Are you sure that's not the same fish? The red on the anal fin seems to have the same shape as the red on the anal fin of the top fish. 

Marbles can change quite dramatically in colour, and can do in a very short space of time. I had a female betta that went from being predominately white with a few blue blotches, to completely blue, in only a day or two. This was after she'd sat on the shelf at the fish store for weeks without any visible change in colour. 

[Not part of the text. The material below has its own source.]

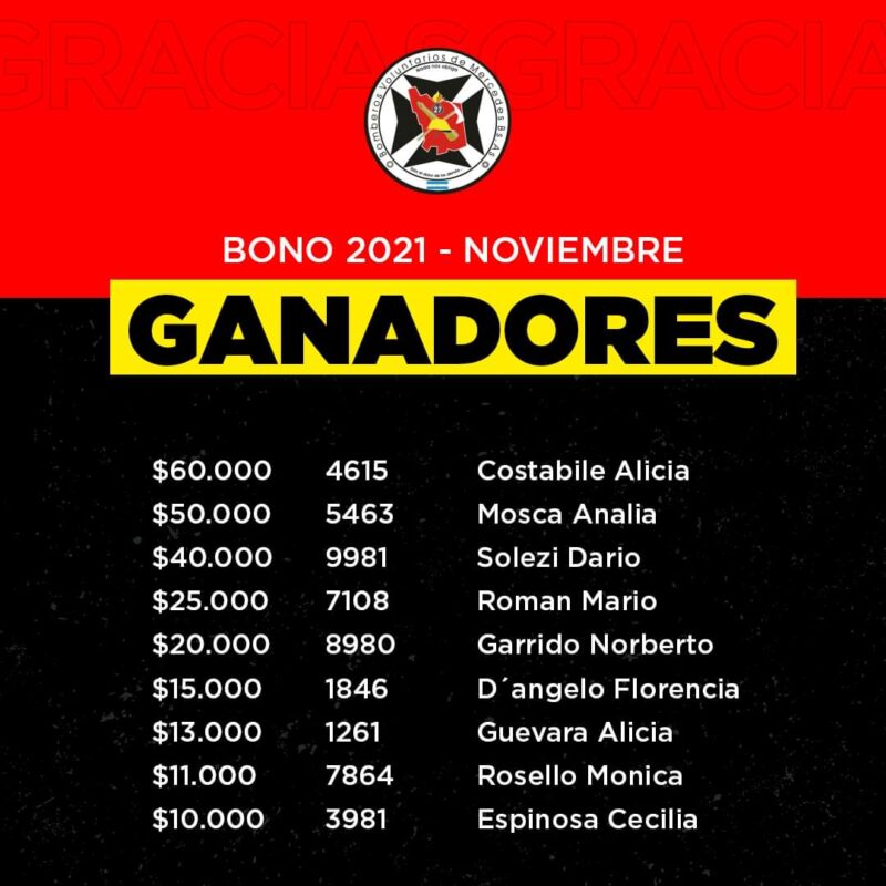 Bomberos dio a conocer los ganadores de noviembre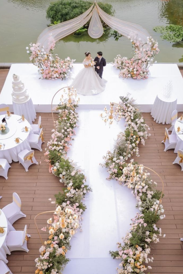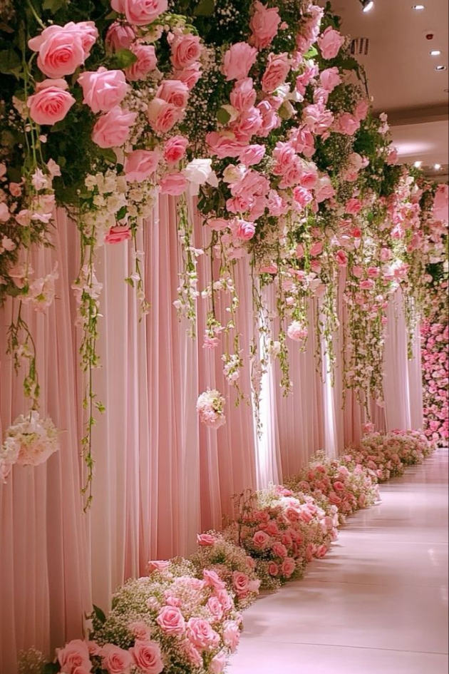 Create a dreamy, romantic atmosphere with cascading pink roses and delicate baby’s breath lining your aisle. This elegant floral display adds a touch of softness and beauty, perfect for a classic, intimate wedding.

This is unless the seller admitted to selling you a different fish.


----------



## RussellTheShihTzu (Mar 19, 2013)

Same fish; you were not a victim of false advertising. Compare proportions and especially the shape and size of the red on his anal fin and at the base of his caudal. You can also see that his ventrals were going to go red near his body. His dorsal appears to be red at the body in both photos.

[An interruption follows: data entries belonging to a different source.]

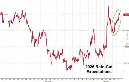同时,货币市场正将今年三次降息25个基点的概率上调至约30%,其中两次降息已完全计入价格——目前定价的年内降息幅度约为60个基点。尽管利率掉期合约仍暗示决策者将在下月会议维持利率不变——正如美联储1月决议投票决定将联邦基金利率目标区间维持在3.5%-3.75%那样。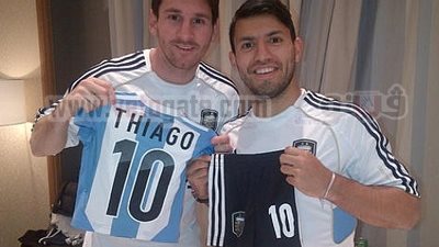 نشرت صحيفة "ماركا" الإسبانية صورة للأرجنتيني "ليونيل ميسي" لاعب برشلونة الإسباني وزميله في المنتخب "سيرجو أوجويرو" لاعب مانشستر سيتي الإنجليزي في معسكر منتخب بلادهما وهما يرتديان قميص المنتخب ...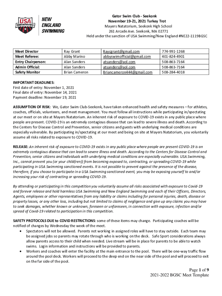 Get the free Page 1 of 9 2021-2022 BGSC Meet Template - TeamUnify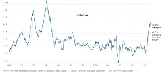 美国过去半个多世纪通胀变化。2022年6月达到9.1%,创造40多年来的新高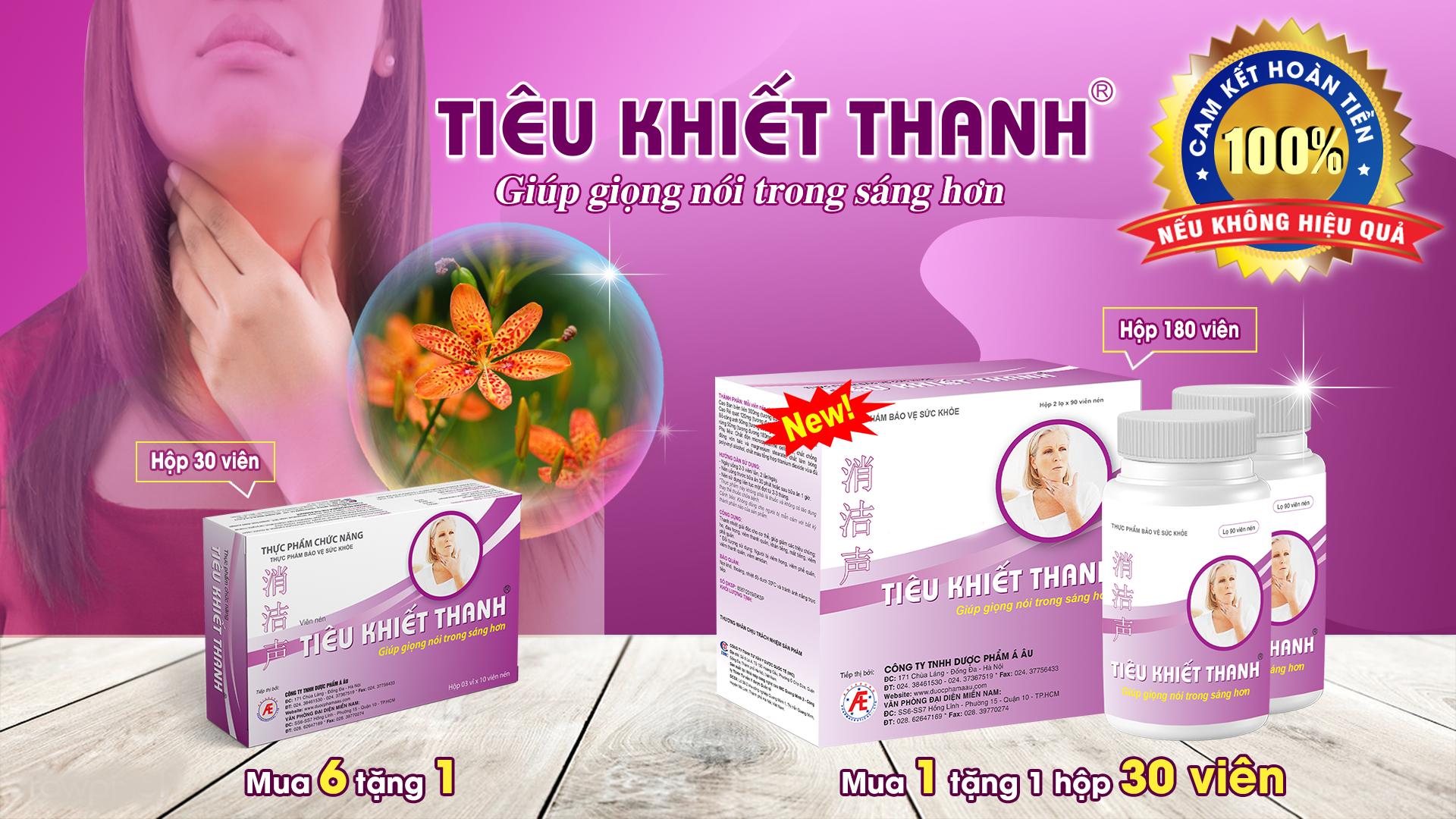 Thực phẩm bảo vệ sức khỏe Tiêu Khiết Thanh - Giữ gìn sự trong sáng của giọng nói Tiêu Khiết Thanh là sản phẩm được kết hợp từ các loại thảo dược như: Rẻ quạt, bán biên liên, bồ công anh, sói rừng. Sản phẩm có công dụng: Thanh nhiệt, giúp giảm các triệu chứng: Ho, đau họng, viêm thanh quản, khản tiếng, mất tiếng; Dùng cho người bị viêm họng, khản tiếng, mất tiếng, viêm thanh quản. Tiêu Khiết Thanh là một lựa chọn mới cho mọi người trong trường hợp khản tiếng, mất tiếng, giúp giọng nói trong sáng hơn. Theo khảo sát của Tạp chí Kinh tế Việt Nam, có đến 90,8% người tiêu dùng hài lòng về hiệu quả cải thiện khản tiếng, mất tiếng, viêm thanh quản… khi sử dụng sản phẩm Tiêu Khiết Thanh.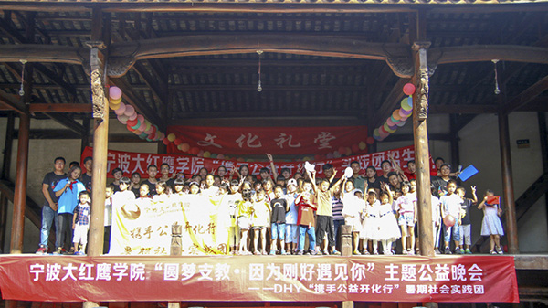 7月14日,实践团成员在村头镇文化礼堂举办一场“圆梦支教,因为刚好遇见你”的文艺汇演活动,他们和参与表演的孩子用优美的舞姿和歌声演绎着别样的青春,用滑稽的语言和动作为广大乡亲带去欢乐,用深情的语言和歌词诠释了人世间最真挚的感情。当天下午三点整,汇演正式开始。在实践团队员的带领下,孩子们表演了刚刚学会的军体拳;欢快的《兔子舞》乐曲响起来了,小演员们短短两天时间里掌握了所有舞蹈动作要领,并达到了较高的整齐度;朗诵《少年中国说》激情四射,将孩子们的朝气蓬勃表现地淋漓尽致;小品《教子》话语幽默风趣,赢得了满堂喝彩。最后,实践团全体成员演唱的一首《开化不会忘记》将现场气氛带入高潮,全场掌声雷动。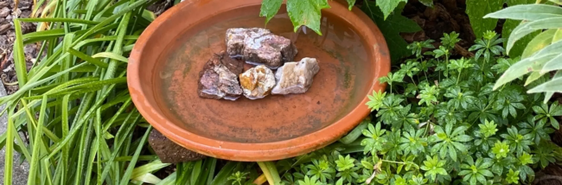 1) A very simple arrangement that will provide for both bees and birds is a plant drip tray. Take a drip tray and place some stones in it, place it in a shaded area.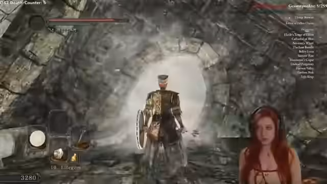 05:34:55Zu Beginn des Streams werden die ersten Eindrücke von Dark Souls 2 geschildert. Die Protagonistin befindet sich in einer unübersichtlichen Umgebung, die durch gruselige Geräusche und unklare Hinweise eine bedrohliche Atmosphäre erzeugt. Sie fühlt sich überfordert, da das Spiel eine Fülle an Mechaniken, wie das Leveln von Rüstung, Ausdauer, Leben und verschiedenen Attributen, erfordert. Besonders kritisch gesehen wird das neue Ausweichsystem (ADP), das separat gelevelt werden muss und eine sofortige Ausweichbewegung verhindert, was die Einstiegshürde deutlich erhöht.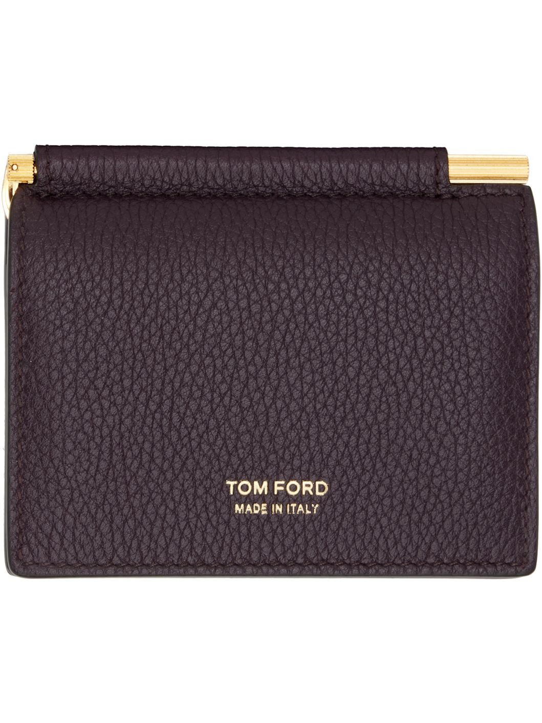 Pebble-grained calfskin card holder. · Gold-tone logo stamp at face · Card slot at back face · Four card slots and money clip at interior · Moire lining · Gold-tone hardware · H3.25" x W4" Supplier color: Oxblood Calfskin. Made in Italy 252076M163017
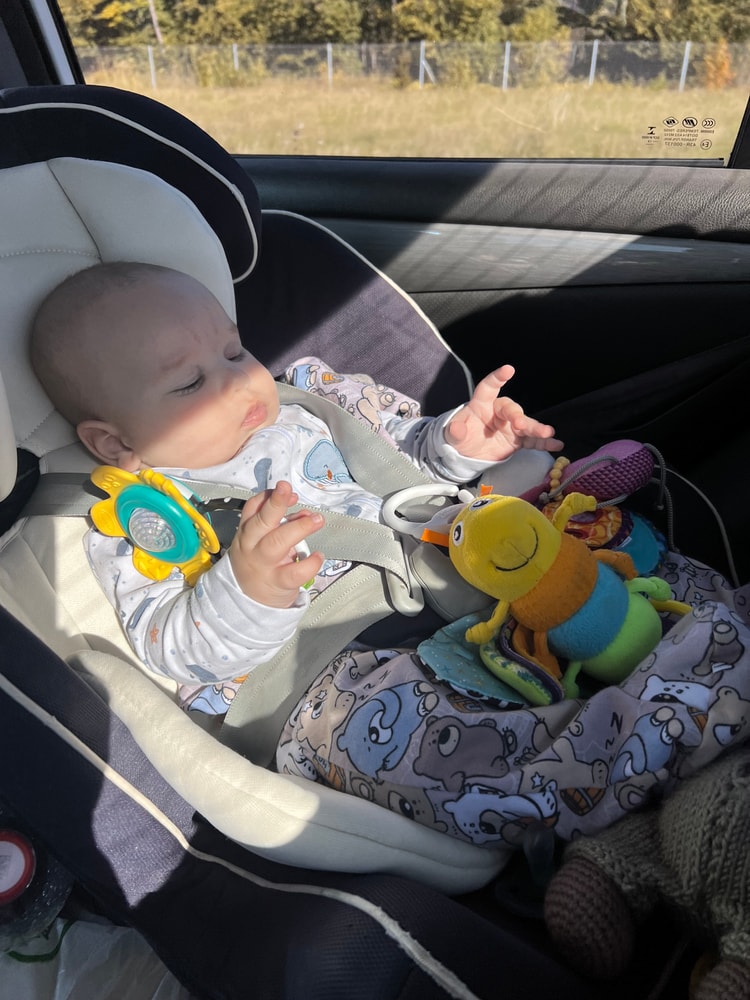 А в конце месяца Феликс совершил свое первое путешествие в Москву на машине к бабушке с дедушкой. 850 ку в одну сторону. Мама зря переживала! Все прошло просто отлично. Но в папином автокресле ему нравится явно больше, чем в маминой автолюльке. Думаю о смене перевозки в основной машине… кресло как-то посвободнее будет.

My boy, Random, turned completely blue except for his head. Your boy's cello turned blue the same way Random's did. As LBF, said, Marbles can change dramatically in a very short period of time.


----------



## BlackMoon (Nov 26, 2014)

Yeah, but there are too many other differences in fin size, especially in relation to each other, and shape. He, albeit traveling from Thailand looks to me to be a much slimmer, smaller and younger fish. His anal fin has long tag hanging from the front of it. The advertised fish's Caudal fin was much smaller and shorter than it's anal fin. This fish's caudal fin is its longest fin. He's not flaring at a mirror yet or I could also show how his caudal fin isn't close to being a HM shape.
He has definitely grown on me and had colored up and fattened up after Two weeks alone in a ten gallon. He eats like a hog and is constantly active. He's the Third betta to live in this tank in Twelve years.


----------



## BlackMoon (Nov 26, 2014)

I did manage to get a couple of pics. The first one shows the difference in the anal fins Including the long tag on the front and in some others how long the caudal fin is.
I'll try to get better pics.


----------



## indjo (Jun 6, 2010)

RT and FT do not look obvious since young. Many develop at a later age. Same goes for anal and ventrals. So if you are shipping from overseas, take into account the time between when the picture was taken and when you actually receive the fish (specially when buying marbles).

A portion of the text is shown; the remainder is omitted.